LIVE: Peter Gabriel @ The Patriot Center - 10/14/12
Peter Gabriel’s seminal album So turned 25 last year, and to celebrate Gabriel put the band that created it back together and headed out on the road for a well-deserved victory lap. Much like Gabriel, the album is known as much for the strength of its music as it is for the theatricality of its presentation. The videos for “Sledgehammer” and “Big Time” triggered a shift in what people would do with the medium going forward, and three years after its initial release, the song “In Your Eyes” would be featured in the film Say Anything, forever associating it with teenage love, boom boxes and John Cusack.
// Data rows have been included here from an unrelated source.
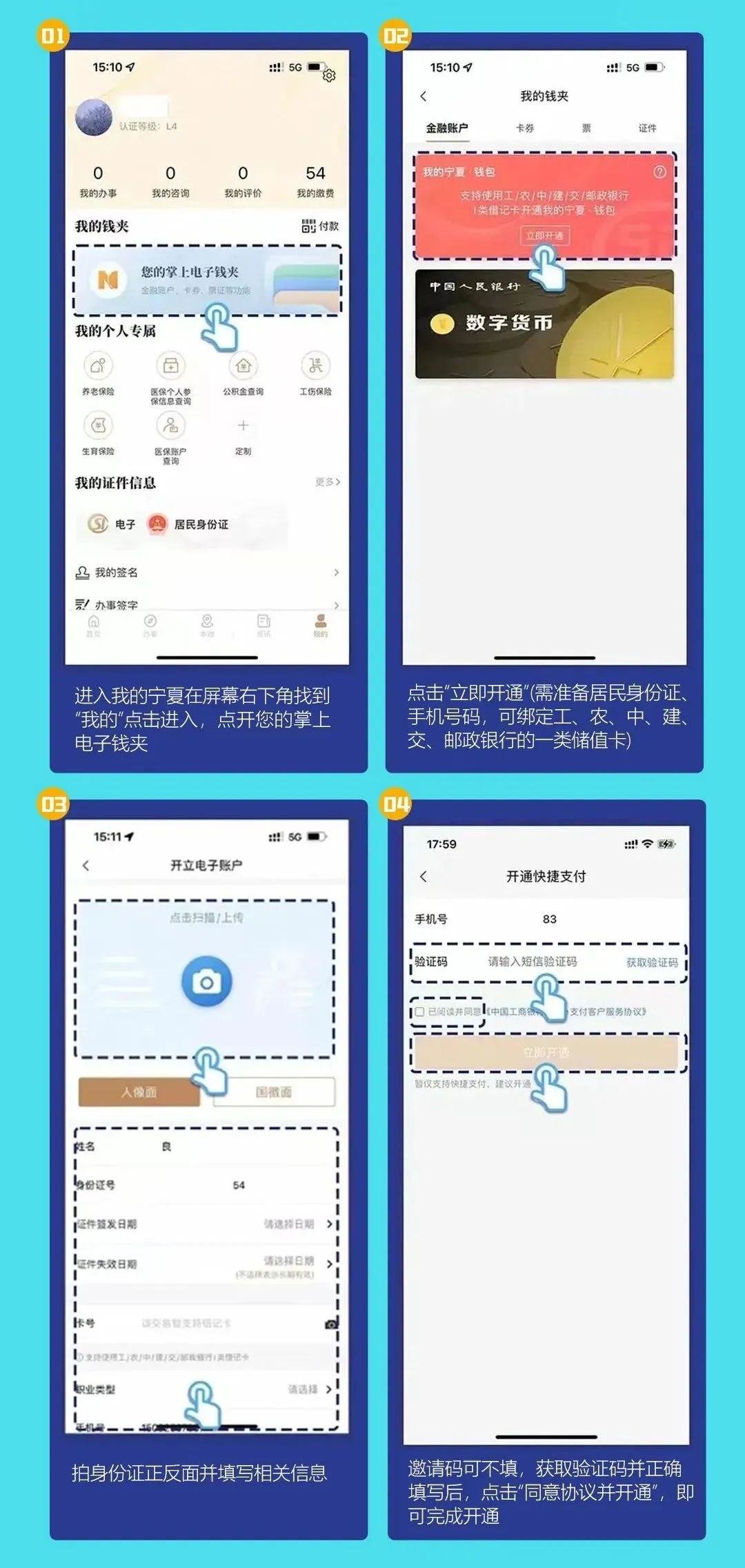 温馨提示:为了便于您及时收到活动补贴,请提前开通我的宁夏钱包功能。钱包开通步骤如下:
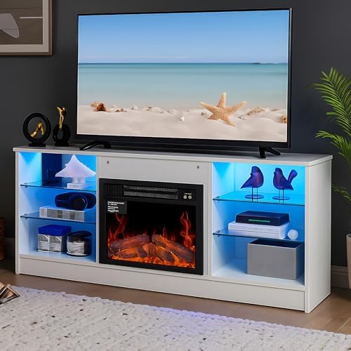 View full detailsFireplace TV Stand with LED Lights, Modern Entertainment Center with Electric Fireplace for TV up to 65", TV Console Table with Open Storage Shelves for Living Room Bedroom (White)
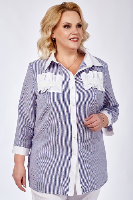 Рубашка женская полуприлегающего силуэта, рукав втачной 3/4 с притачным манжетом, застежка центрально-бортовая  на петли и пуговицы, в боковых швах разрезы. Манжет, планка, воротник, декоративная деталь выполнены из контрастной ткани.
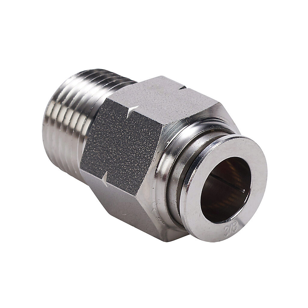 MS38-38N-SS - NITRA pneumatic push-to-connect fitting, male, straight, 316 stainless steel body, 316 stainless steel threads, 3/8in tube to 3/8in NPT...

While there was no John Cusack on display Sunday night at the Patriot Center (though he did show up when the tour stopped at the Hollywood Bowl to hand Gabriel, what else, a boom box) there was no shortage of love, be it teenage or otherwise, for the sixty-two year old art rock pioneer and his band mates on the final stop of the So Back To Front Tour. The evening began with Gabriel and bass player Tony Levin performing a yet untitled/unfinished piece of music with Gabriel explaining that his wife reminded him that he probably should explain what was going on at the risk of simply sounding like an old drunk as he mumbled his way through the blueprint of the nascent song. Stepping out briefly from behind his baby grand, Gabriel then further informed the audience of the structure of the evening - first there would be the appetizer, then the main course, and “if you survive that then you get your dessert” – and then invited the rest of the So band featuring David Rhodes on Guitar and Manu Katché on drums, to the stage to begin the acoustic portion of the evening proper with the song “Come Talk To Me” off of 1992’s Us.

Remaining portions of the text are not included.